_PROBLEM TO WORK ON_
Repeat exactly the lines that run from the start of the records below to the line with "울릉솔빛펜션 | 13.6만~15만", including both of those lines but not the pictures.

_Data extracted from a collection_
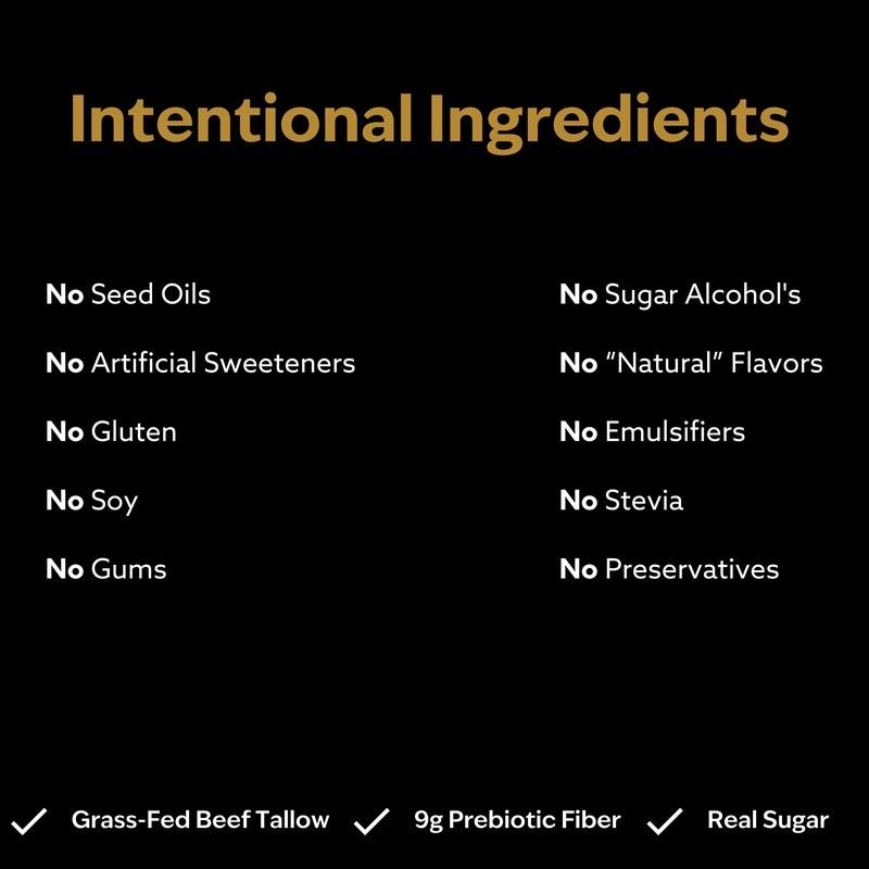 Grass-Fed Beef Tallow: the highest-quality fat source, beef tallow, is at the base of our bars. This healthy fat will leave you satiated (and give the bar an amazing texture).
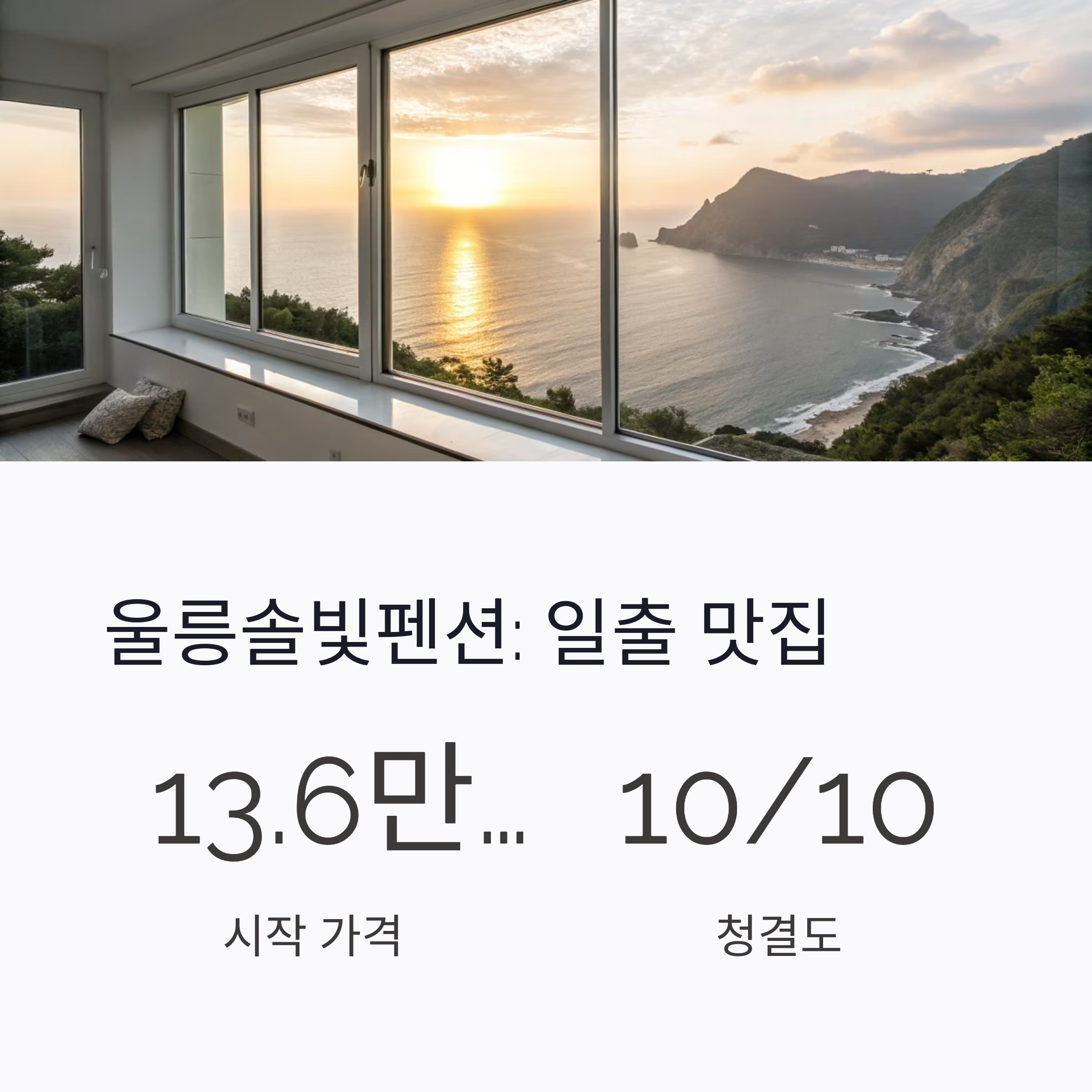 | 울릉솔빛펜션 | 13.6만~15만 원 | “청결 최고”, “지금까지 중 최고” |
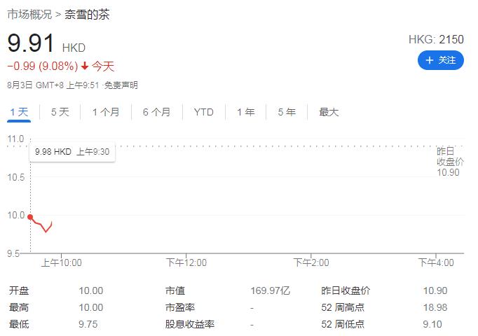 作為茶飲第一股,6月30日,奈雪的茶以19.8港元/股的發行價在港股上市,總市值為340億港元。截至發稿,奈雪股價跌近9.3%,報9.91港元,與上市發行價相比跌近50%。(圖源:新華社資料圖、截圖)
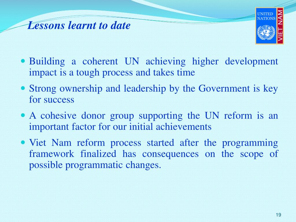 Lessons learnt to date • Building a coherent UN achieving higher development impact is a tough process and takes time • Strong ownership and leadership by the Government is key for success • A cohesive donor group supporting the UN reform is an important factor for our initial achievements • Viet Nam reform process started after the programming framework finalized has consequences on the scope of possible programmatic changes.
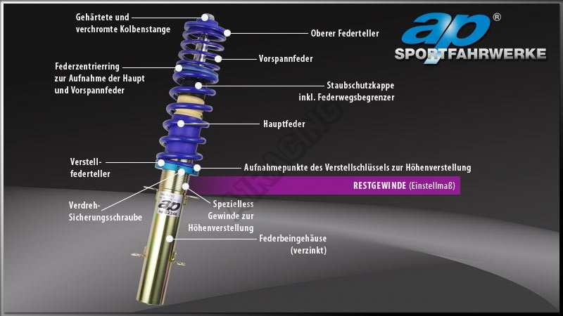 - tyto výškově stavitelné podvozky od německého výrobce ap Sportfahrwerke patřící do skupiny KW Automotive nabizí velmi dobrou kvalitu za příznivou cenu. Charakteristika kompletních podvozků nabízí sportovní požitek z jízdy a zároveň vyšší bezpečnost. Všechny tyto kompletní podvozky mají schválení evropskou zkušebnou TÜV.
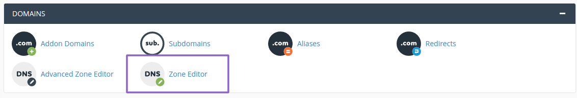 2) Look for the “Domains” section and click on “Zone Editor”.
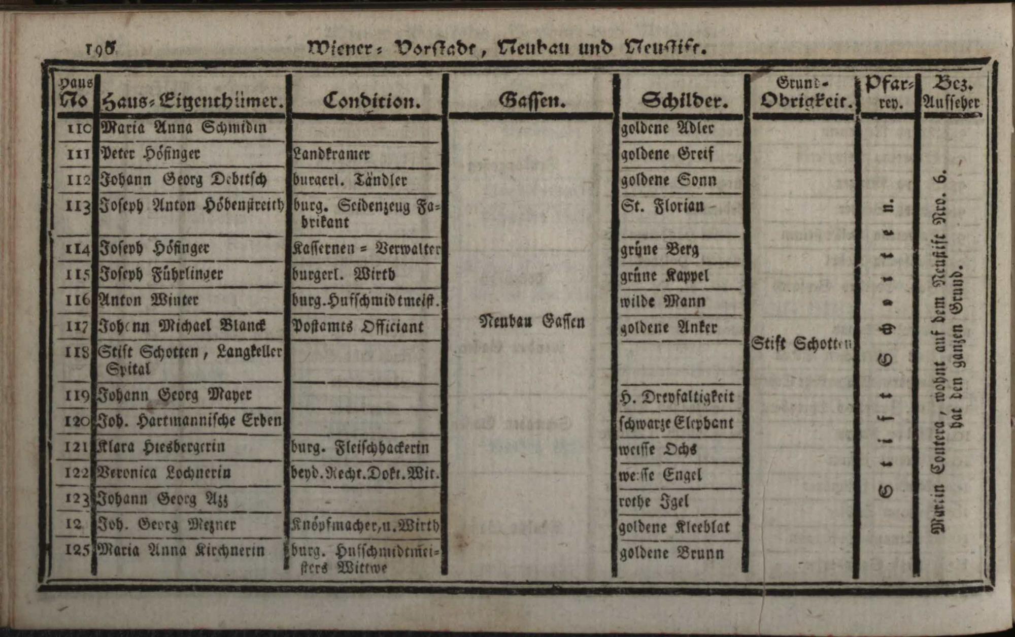 Verzeichniß der in der Kaiserl. Königl. Haupt- und Residenzstadt Wien, sammt dazu gehörigen Vorstädten, und Gründen, befindlichen numerirten Häusern derselben Eigenthümern, und deren Conditionen, Schilderen, Gassen, Grund-Obrigkeiten, Pfarreyen, und derzeit Bezirksaufsehern : auf das genaueste nach denen Grundbüchern entworfen / Von Franz de Ponty
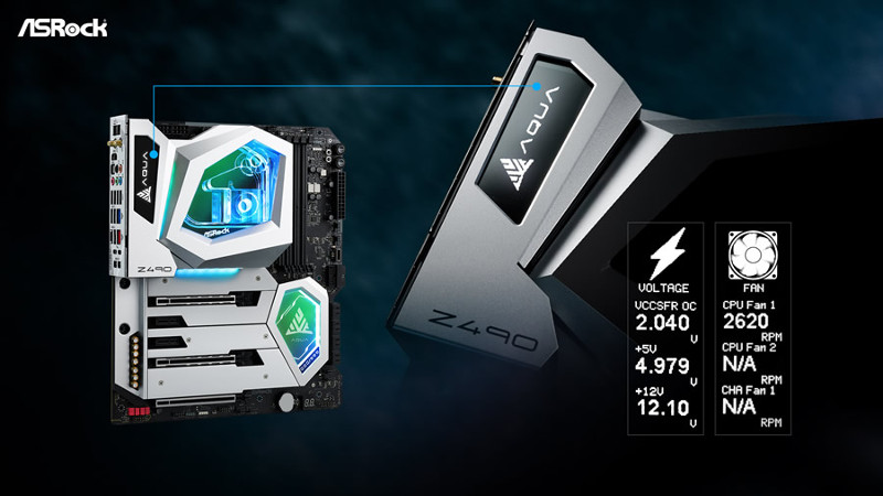 Lo que distingue el diseño del Z490 es una brillante pantalla OLED incorporada destacada en la placa base para que los usuarios obtengan informes de estado sobre el voltaje de la CPU, la temperatura, la velocidad del ventilador del sistema, el estado del sistema. Los coloridos tonos verdes, blancos y azules reflejan una mejora técnica en la placa base con acabado negro mate y metal.
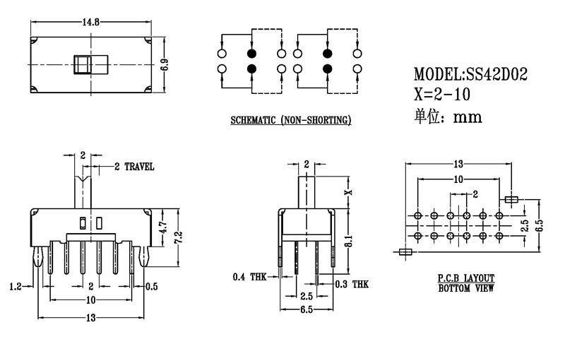 微型撥動開關技術參數:
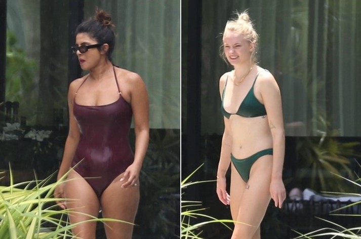 37-летняя Приянка Чопра и 23-летняя Софи Тернер развлекаются без мужей в Майами. Папарацци запечатлели звезд во время купания. Приянка появилась перед объективами фотографов в бордовом монокини, а Софи – в бикини изумрудного оттенка.
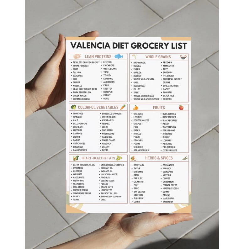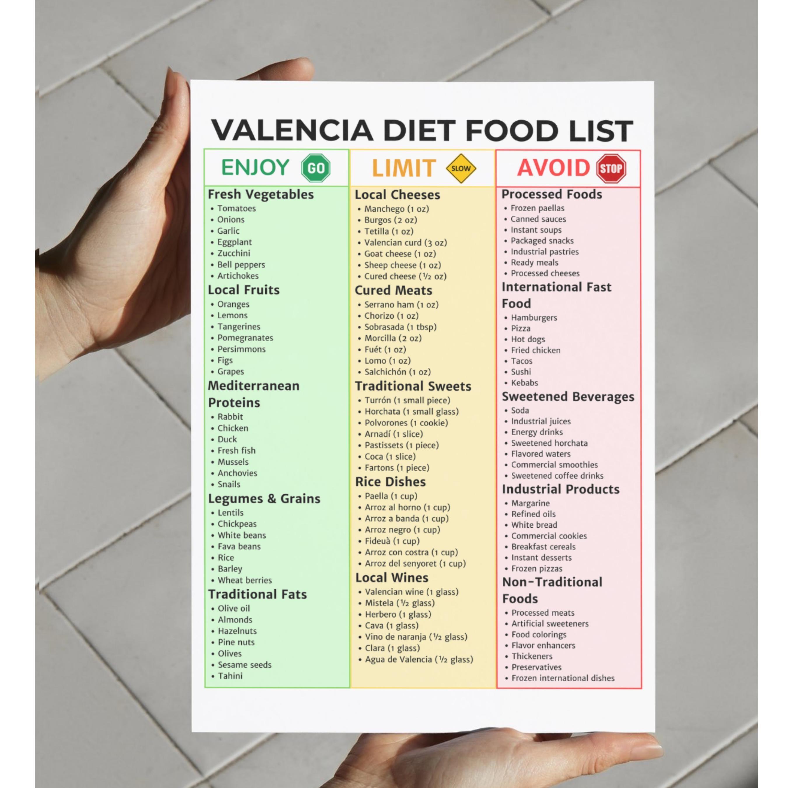 Valencia Diet Food List Printable - Educational Printable Worksheets

_ANSWER TO THIS TASK_
 Grass-Fed Beef Tallow: the highest-quality fat source, beef tallow, is at the base of our bars. This healthy fat will leave you satiated (and give the bar an amazing texture).
 | 울릉솔빛펜션 | 13.6만~15만 원 | “청결 최고”, “지금까지 중 최고” |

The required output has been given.